**ACTIVITY:**
Restate, word for word and with no pictures, the stretch of lines in the data below that begins at the line with "Tmavomodro-modrý melírovaný chlpatý" and ends at the line with "lower right image).", inclusive.

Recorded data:
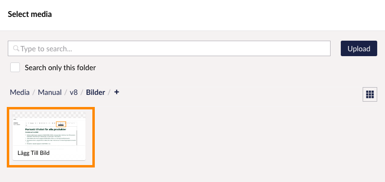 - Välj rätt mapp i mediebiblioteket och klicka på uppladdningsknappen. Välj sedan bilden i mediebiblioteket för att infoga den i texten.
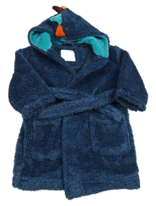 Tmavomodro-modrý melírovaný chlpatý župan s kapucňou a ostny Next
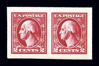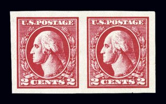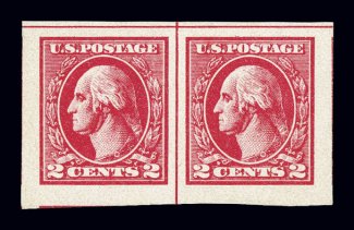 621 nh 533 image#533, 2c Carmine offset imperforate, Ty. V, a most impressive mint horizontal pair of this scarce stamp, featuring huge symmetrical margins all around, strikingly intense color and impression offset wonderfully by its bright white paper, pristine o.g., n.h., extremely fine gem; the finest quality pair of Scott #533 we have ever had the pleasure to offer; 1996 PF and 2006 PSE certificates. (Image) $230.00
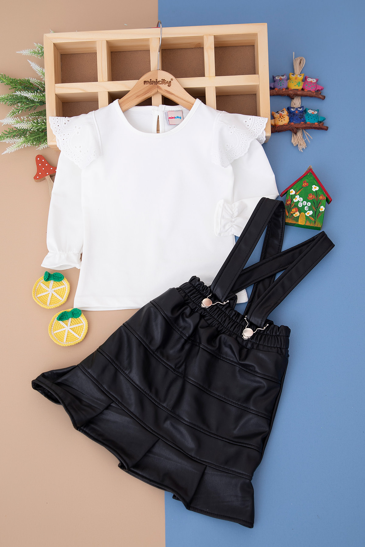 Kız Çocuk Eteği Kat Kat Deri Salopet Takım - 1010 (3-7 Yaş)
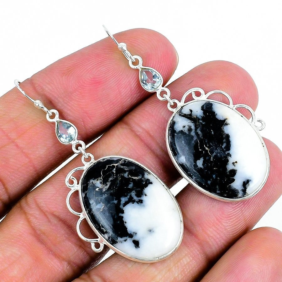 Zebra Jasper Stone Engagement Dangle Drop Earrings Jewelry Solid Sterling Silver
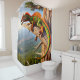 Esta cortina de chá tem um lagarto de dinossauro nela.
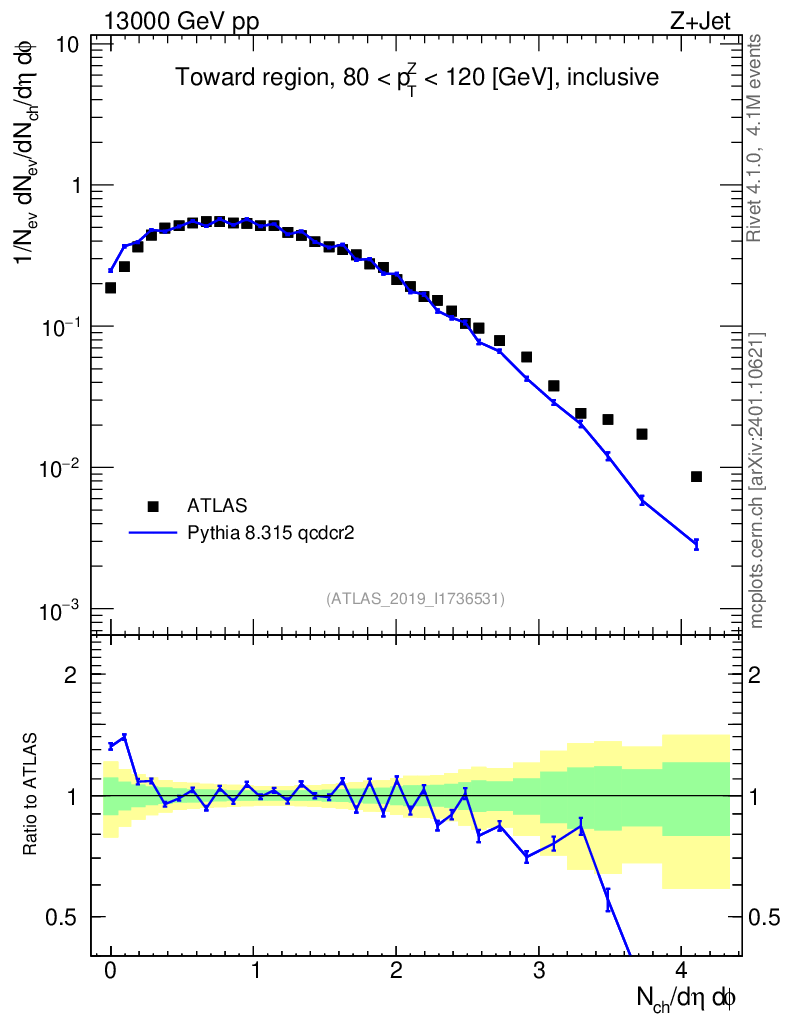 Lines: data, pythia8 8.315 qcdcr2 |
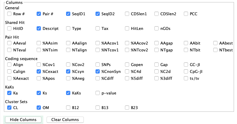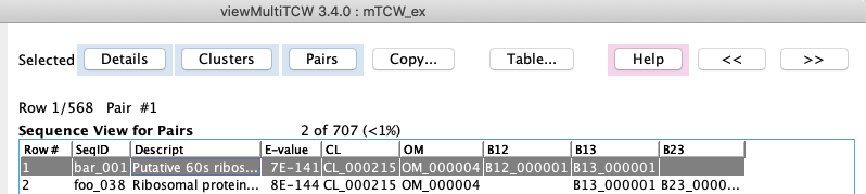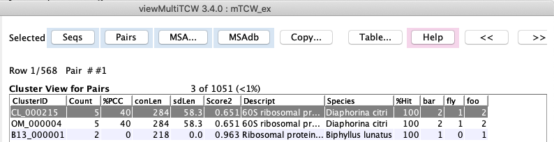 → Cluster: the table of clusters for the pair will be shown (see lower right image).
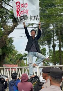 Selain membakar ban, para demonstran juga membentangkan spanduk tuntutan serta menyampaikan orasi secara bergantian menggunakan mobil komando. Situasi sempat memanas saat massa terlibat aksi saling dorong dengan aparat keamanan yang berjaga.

**TASK OUTPUT:**
 Tmavomodro-modrý melírovaný chlpatý župan s kapucňou a ostny Next
 621 nh 533 image#533, 2c Carmine offset imperforate, Ty. V, a most impressive mint horizontal pair of this scarce stamp, featuring huge symmetrical margins all around, strikingly intense color and impression offset wonderfully by its bright white paper, pristine o.g., n.h., extremely fine gem; the finest quality pair of Scott #533 we have ever had the pleasure to offer; 1996 PF and 2006 PSE certificates. (Image) $230.00
 Kız Çocuk Eteği Kat Kat Deri Salopet Takım - 1010 (3-7 Yaş)
 Zebra Jasper Stone Engagement Dangle Drop Earrings Jewelry Solid Sterling Silver
 Esta cortina de chá tem um lagarto de dinossauro nela.
 Lines: data, pythia8 8.315 qcdcr2 |
 → Cluster: the table of clusters for the pair will be shown (see lower right image).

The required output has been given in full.